=== Action item ===
Please, could you print all the lines below exactly, leaving out the pictures?

[Records from a collection]
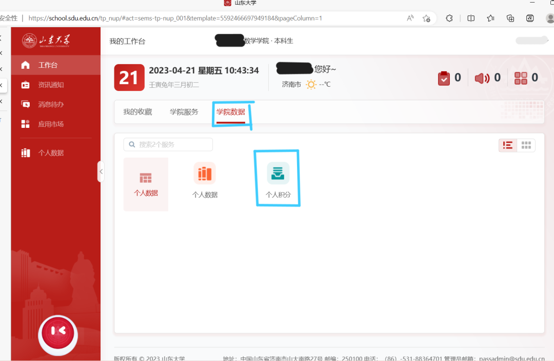 关于积分的查询方式,大家可以通过beat365在线体育官网登录入口信息化公共服务平台——学院信息服务——学院数据——个人积分的途径查询。
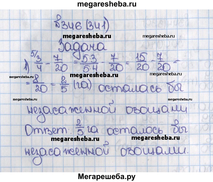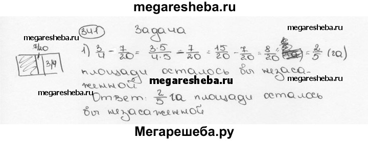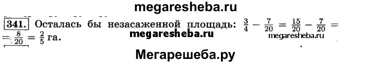 341. При посадке овощей после одного дня работы остались незасаженными 3/4 га поля. Какая площадь осталась бы незасаженной, если бы в этот день овощи высадили на площади, большей на 7/20 га?
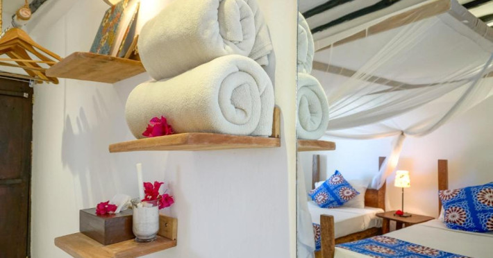 Camerele au mobilier in stil swahili, iar băile sunt dotate cu dus si articole de toaletă gratuite. Printre facilitătile suplimentare disponibile se numără un ventilator.
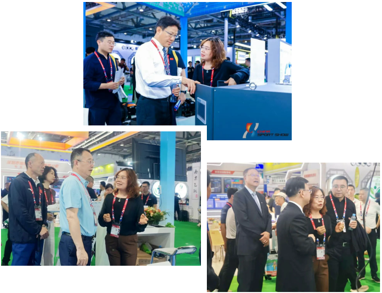 展會(huì)現(xiàn)場(chǎng),江西省人民政府、國(guó)家奧林匹克體育中心、廣東省體育局、中國(guó)體育用品業(yè)聯(lián)合會(huì)等重要領(lǐng)導(dǎo)親臨戴思樂展位參觀指導(dǎo)。他們深度調(diào)研體育行業(yè)前沿趨勢(shì),并對(duì)戴思樂低氯水處理技術(shù)與智慧場(chǎng)館解決方案給予高度評(píng)價(jià)。
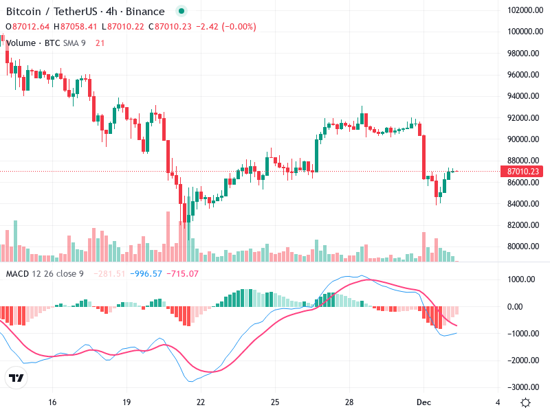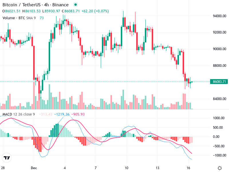 An immediate support is forming around the 86,000 level, with the price rebounding from there.
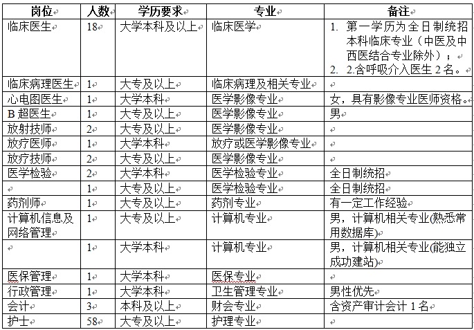 安徽省胸科医院是隶属于安徽省卫生厅的省级卫生事业单位,是我省唯一的集呼吸系疾病医疗、预防、科研、宣教和康复于一身的省级专科医院,是上海市肺科医院协作医院、安徽医科大学教学医院,是安徽省结核病防治研究所的临床治疗中心。 根据工作需要,经研究,2012年在编制以外公开向社会招聘应、历届大专院校毕业生95名(不含参加省人事厅统一考试的岗位)。 一、招聘原则 按照“公开、平等、竞争、择优”的原则,严格招聘工作纪律和工作程序,做到过程公开、结果公开、确保公平、公正。 二、招聘岗位及条件:(见下图) 三、报名及资格审查 1. 报名时间:2012年3月12日——3月22日(双休日照常接受报名)。 2. 报名地点:合肥市绩溪路397号安徽省胸科医院人事科(行政楼三楼)。 联系电话:0551-3615311, 电子邮箱:ahshfkyy@163.com 3. 报名提交材料:身份证、外语及计算机等级证原件和复印件; 一寸近期免冠照片3张;应届毕业生提交员工证、公司推荐信及实习单位证明原件和复印件;历届毕业生提交毕业证及学位证、执业资格证及注册证、聘任证书原件及复印件。 4. 应聘者填写《安徽省胸科医院公开招聘报名表》,经对报名者进行资格审查后,发放准考证。 四、考试及考核 1. 考试 ⑴ 考试方式:采用笔试和面试相结合的方式进行。考试成绩实行百分制,笔试成绩占60%,面试成绩占40%。 ⑵ 考试内容:笔试主要考查应聘岗位所需的专业基础理论和专业知识,以及运用专业理论知识分析、解决问题的能力。 笔试结束后,根据考试成绩从高分到低分,按1:3比例进入面试。 ⑶ 面试由专家委员会组织进行,主要了解考生的综合素质,包括仪表举止、逻辑思维能力、协调与应变能力、言语表达能力、研究与发展潜力、以及利用专业理论知识解决实际问题的能力。 ⑷ 笔试及面试时间待定。 笔试面试结束后依据总成绩排序按招聘岗位1:1的比例确定考核对象。 考试程序结束后将拟定的考核对象名单在安徽省胸(肺)科医院网站公布。 2. 考核 考核由省胸科医院组织考核人员采取实地调阅应聘人员档案、听取公司或工作单位意见等方式进行,主要考查被考核对象的政治思想、道德品质、业务素质、工作实绩及遵纪守法等情况。 五、体检及聘用 根据考试成绩及考核情况按招聘岗位1:1比例确定拟聘对象,并组织进行健康体检,体检项目及合格标准参照有关录用国家公务员体检的标准执行。 拟聘人选在安徽省胸(肺)科医院网站上公示一周。公示无异议的办理聘用手续。 六、其他事项 1. 应聘人员必须是国家统招的应、历届毕业生,若有作假,一旦发现即取消考试资格或解聘; 2. 应聘人员在考试中缺考,视为退出应聘;在组织考核阶段退出应聘程序,或体检不合格,公司将按考试成绩从高分到低分顺序递补本岗位其他应聘人员。 3. 按照省人事厅有关规定,新进的人员一律实行聘用制。 4. 本方案未尽事宜,由省胸科医院人事科负责解释。 联系电话:0551-3615311。
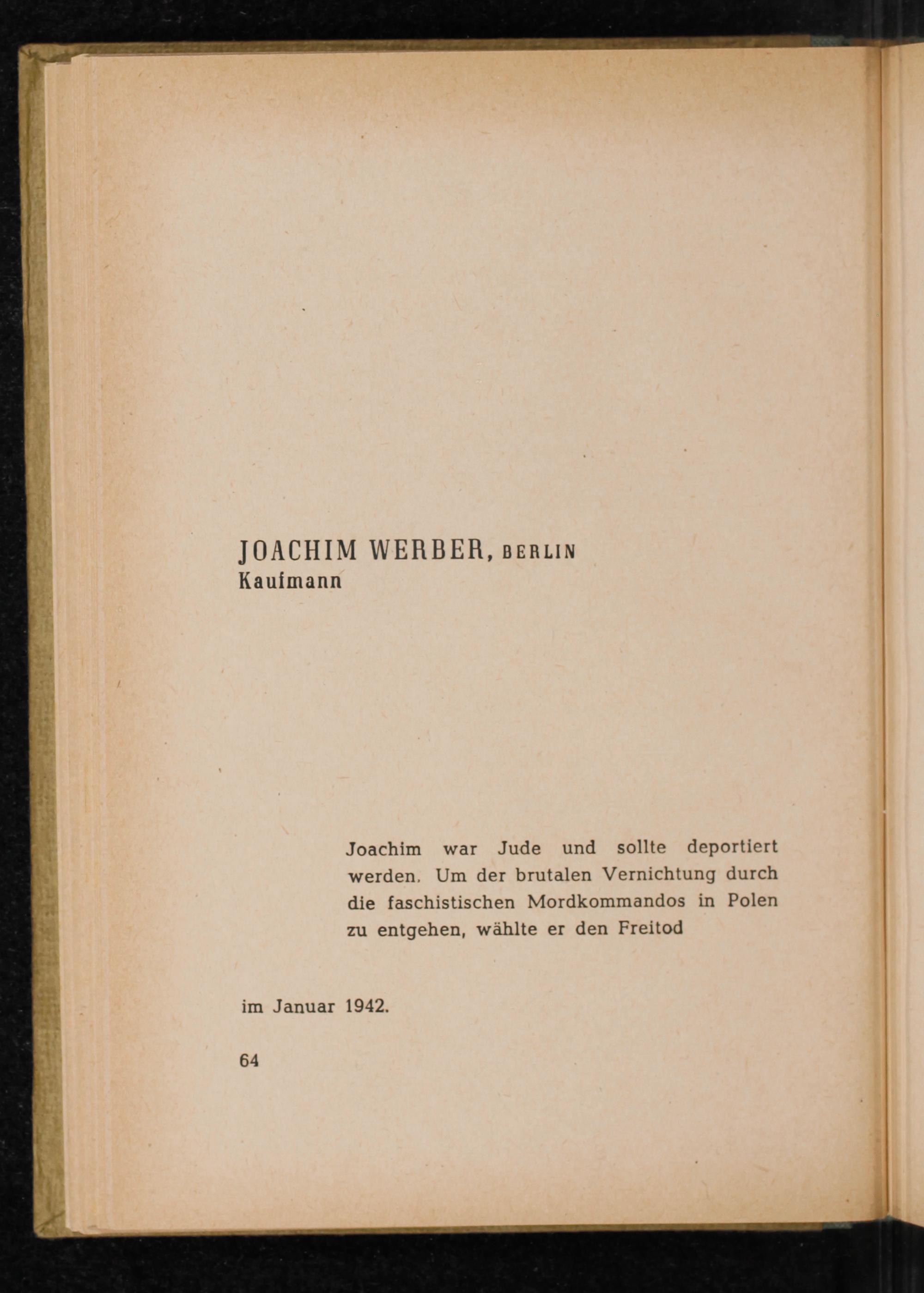 JOACHIM WERBER, BERLIN Kaufmann Joachim war Jude und sollte deportiert werden. Um der brutalen Vernichtung durch die faschistischen Mordkommandos in Polen zu entgehen, wählte er den Freitod im Januar 1942. 64
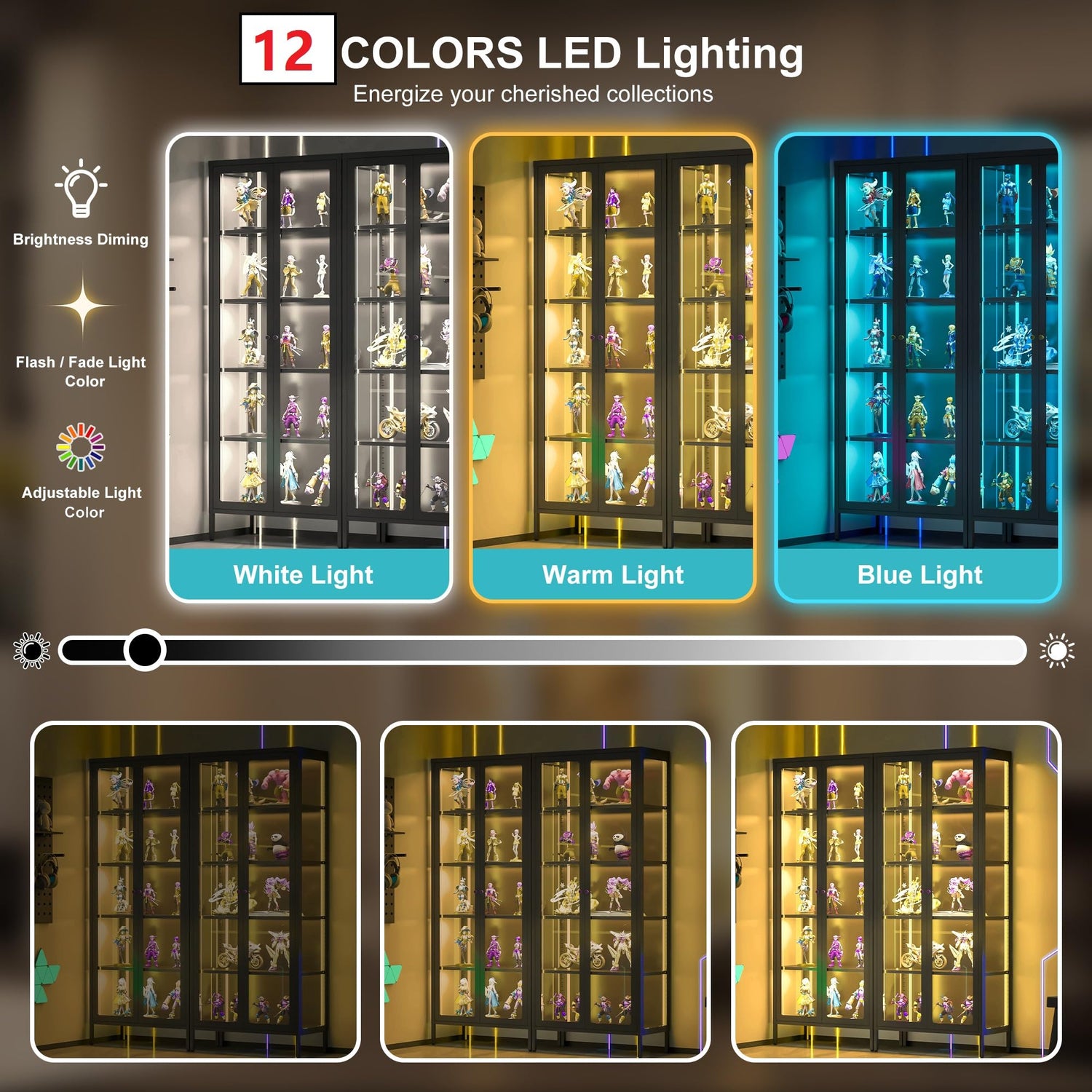 - 【12 Colors RGB Lights】Enhancing your collectibles with flair, the curio cabinet features an RGB light strip with 12 color options. The convenient remote control allows you to effortlessly switch between colors, flash/fade modes, and brightness levels, creating a stunning display effect that brings your collection to life with a museum-like ambiance.
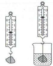21. 如图所示,将一石块悬挂在弹簧测力计下,静止时弹簧测力计示数为$2.5N$;将该石块浸没在装有适量水的烧杯中,静止时弹簧测力计示数为$1.5N$。求:$(\rho_{水}=1.0×10^{3}kg/m^{3})$
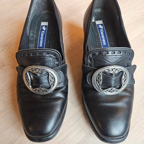 Pent brukt bunadsko av merket Klaveness. Størrelse 38,5.
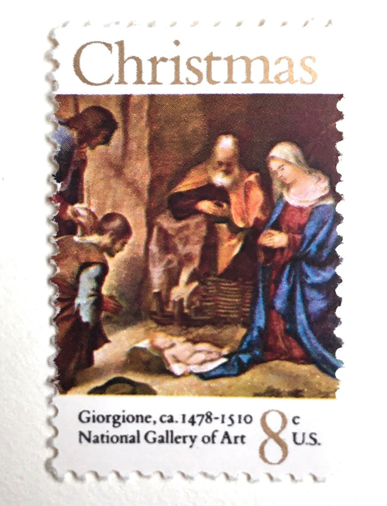Includes a total of 10 (TEN) unused 8¢ Nativity stamps.
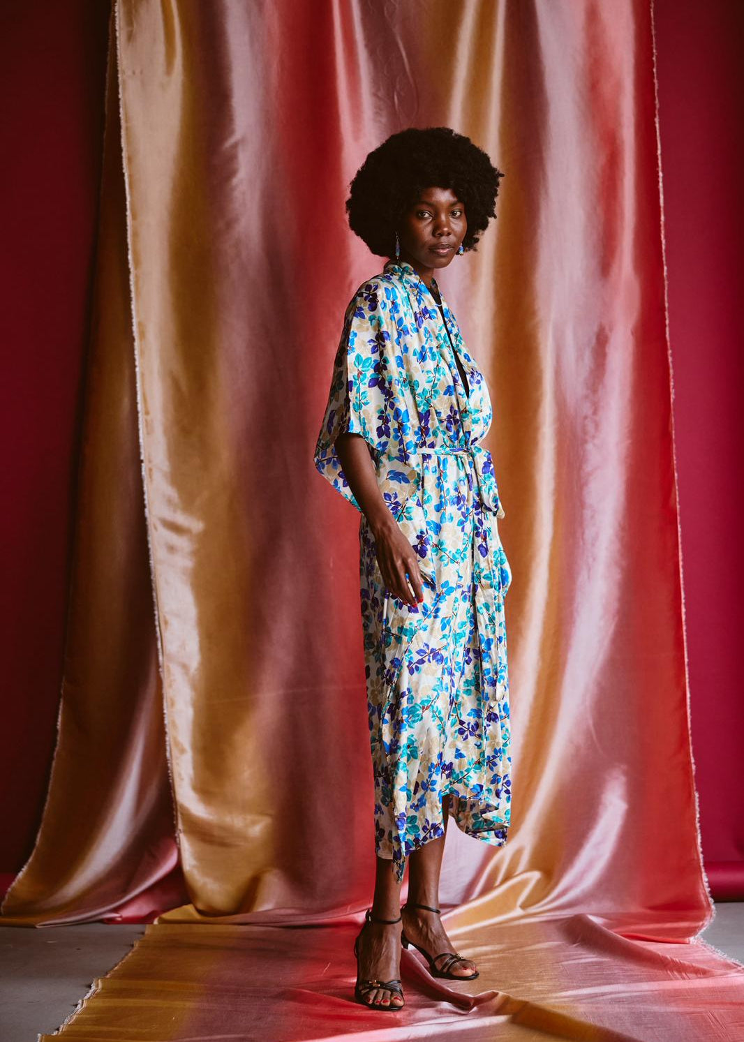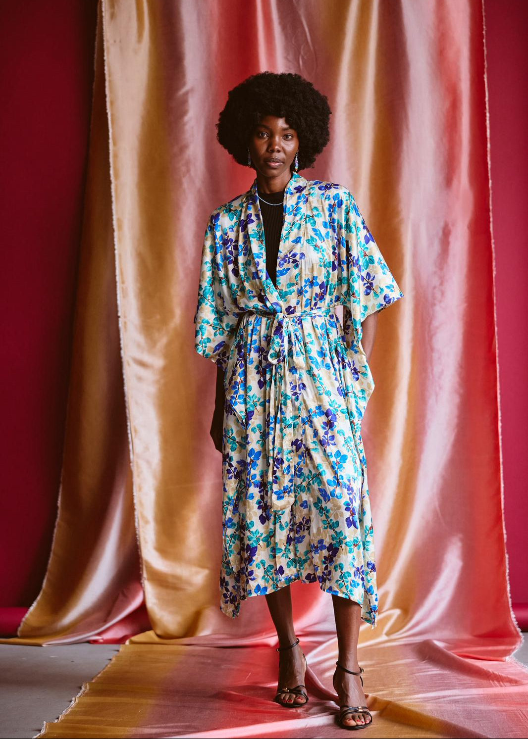 Infuse your wardrobe with the cool tranquility of the Oceana Silk Kimono. Designed with a soft ivory base and vivid blue floral motifs, this kimono captures the essence of calm seas and breezy elegance. The silky fabric flows beautifully, enhanced by a relaxed cut and a self-tie belt that defines the waist with ease.

=== Response box ===
 关于积分的查询方式,大家可以通过beat365在线体育官网登录入口信息化公共服务平台——学院信息服务——学院数据——个人积分的途径查询。
 341. При посадке овощей после одного дня работы остались незасаженными 3/4 га поля. Какая площадь осталась бы незасаженной, если бы в этот день овощи высадили на площади, большей на 7/20 га?
 Camerele au mobilier in stil swahili, iar băile sunt dotate cu dus si articole de toaletă gratuite. Printre facilitătile suplimentare disponibile se numără un ventilator.
 展會(huì)現(xiàn)場(chǎng),江西省人民政府、國(guó)家奧林匹克體育中心、廣東省體育局、中國(guó)體育用品業(yè)聯(lián)合會(huì)等重要領(lǐng)導(dǎo)親臨戴思樂展位參觀指導(dǎo)。他們深度調(diào)研體育行業(yè)前沿趨勢(shì),并對(duì)戴思樂低氯水處理技術(shù)與智慧場(chǎng)館解決方案給予高度評(píng)價(jià)。
 An immediate support is forming around the 86,000 level, with the price rebounding from there.
 安徽省胸科医院是隶属于安徽省卫生厅的省级卫生事业单位,是我省唯一的集呼吸系疾病医疗、预防、科研、宣教和康复于一身的省级专科医院,是上海市肺科医院协作医院、安徽医科大学教学医院,是安徽省结核病防治研究所的临床治疗中心。 根据工作需要,经研究,2012年在编制以外公开向社会招聘应、历届大专院校毕业生95名(不含参加省人事厅统一考试的岗位)。 一、招聘原则 按照“公开、平等、竞争、择优”的原则,严格招聘工作纪律和工作程序,做到过程公开、结果公开、确保公平、公正。 二、招聘岗位及条件:(见下图) 三、报名及资格审查 1. 报名时间:2012年3月12日——3月22日(双休日照常接受报名)。 2. 报名地点:合肥市绩溪路397号安徽省胸科医院人事科(行政楼三楼)。 联系电话:0551-3615311, 电子邮箱:ahshfkyy@163.com 3. 报名提交材料:身份证、外语及计算机等级证原件和复印件; 一寸近期免冠照片3张;应届毕业生提交员工证、公司推荐信及实习单位证明原件和复印件;历届毕业生提交毕业证及学位证、执业资格证及注册证、聘任证书原件及复印件。 4. 应聘者填写《安徽省胸科医院公开招聘报名表》,经对报名者进行资格审查后,发放准考证。 四、考试及考核 1. 考试 ⑴ 考试方式:采用笔试和面试相结合的方式进行。考试成绩实行百分制,笔试成绩占60%,面试成绩占40%。 ⑵ 考试内容:笔试主要考查应聘岗位所需的专业基础理论和专业知识,以及运用专业理论知识分析、解决问题的能力。 笔试结束后,根据考试成绩从高分到低分,按1:3比例进入面试。 ⑶ 面试由专家委员会组织进行,主要了解考生的综合素质,包括仪表举止、逻辑思维能力、协调与应变能力、言语表达能力、研究与发展潜力、以及利用专业理论知识解决实际问题的能力。 ⑷ 笔试及面试时间待定。 笔试面试结束后依据总成绩排序按招聘岗位1:1的比例确定考核对象。 考试程序结束后将拟定的考核对象名单在安徽省胸(肺)科医院网站公布。 2. 考核 考核由省胸科医院组织考核人员采取实地调阅应聘人员档案、听取公司或工作单位意见等方式进行,主要考查被考核对象的政治思想、道德品质、业务素质、工作实绩及遵纪守法等情况。 五、体检及聘用 根据考试成绩及考核情况按招聘岗位1:1比例确定拟聘对象,并组织进行健康体检,体检项目及合格标准参照有关录用国家公务员体检的标准执行。 拟聘人选在安徽省胸(肺)科医院网站上公示一周。公示无异议的办理聘用手续。 六、其他事项 1. 应聘人员必须是国家统招的应、历届毕业生,若有作假,一旦发现即取消考试资格或解聘; 2. 应聘人员在考试中缺考,视为退出应聘;在组织考核阶段退出应聘程序,或体检不合格,公司将按考试成绩从高分到低分顺序递补本岗位其他应聘人员。 3. 按照省人事厅有关规定,新进的人员一律实行聘用制。 4. 本方案未尽事宜,由省胸科医院人事科负责解释。 联系电话:0551-3615311。
 JOACHIM WERBER, BERLIN Kaufmann Joachim war Jude und sollte deportiert werden. Um der brutalen Vernichtung durch die faschistischen Mordkommandos in Polen zu entgehen, wählte er den Freitod im Januar 1942. 64
 - 【12 Colors RGB Lights】Enhancing your collectibles with flair, the curio cabinet features an RGB light strip with 12 color options. The convenient remote control allows you to effortlessly switch between colors, flash/fade modes, and brightness levels, creating a stunning display effect that brings your collection to life with a museum-like ambiance.
21. 如图所示,将一石块悬挂在弹簧测力计下,静止时弹簧测力计示数为$2.5N$;将该石块浸没在装有适量水的烧杯中,静止时弹簧测力计示数为$1.5N$。求:$(\rho_{水}=1.0×10^{3}kg/m^{3})$
 Pent brukt bunadsko av merket Klaveness. Størrelse 38,5.
Includes a total of 10 (TEN) unused 8¢ Nativity stamps.
 Infuse your wardrobe with the cool tranquility of the Oceana Silk Kimono. Designed with a soft ivory base and vivid blue floral motifs, this kimono captures the essence of calm seas and breezy elegance. The silky fabric flows beautifully, enhanced by a relaxed cut and a self-tie belt that defines the waist with ease.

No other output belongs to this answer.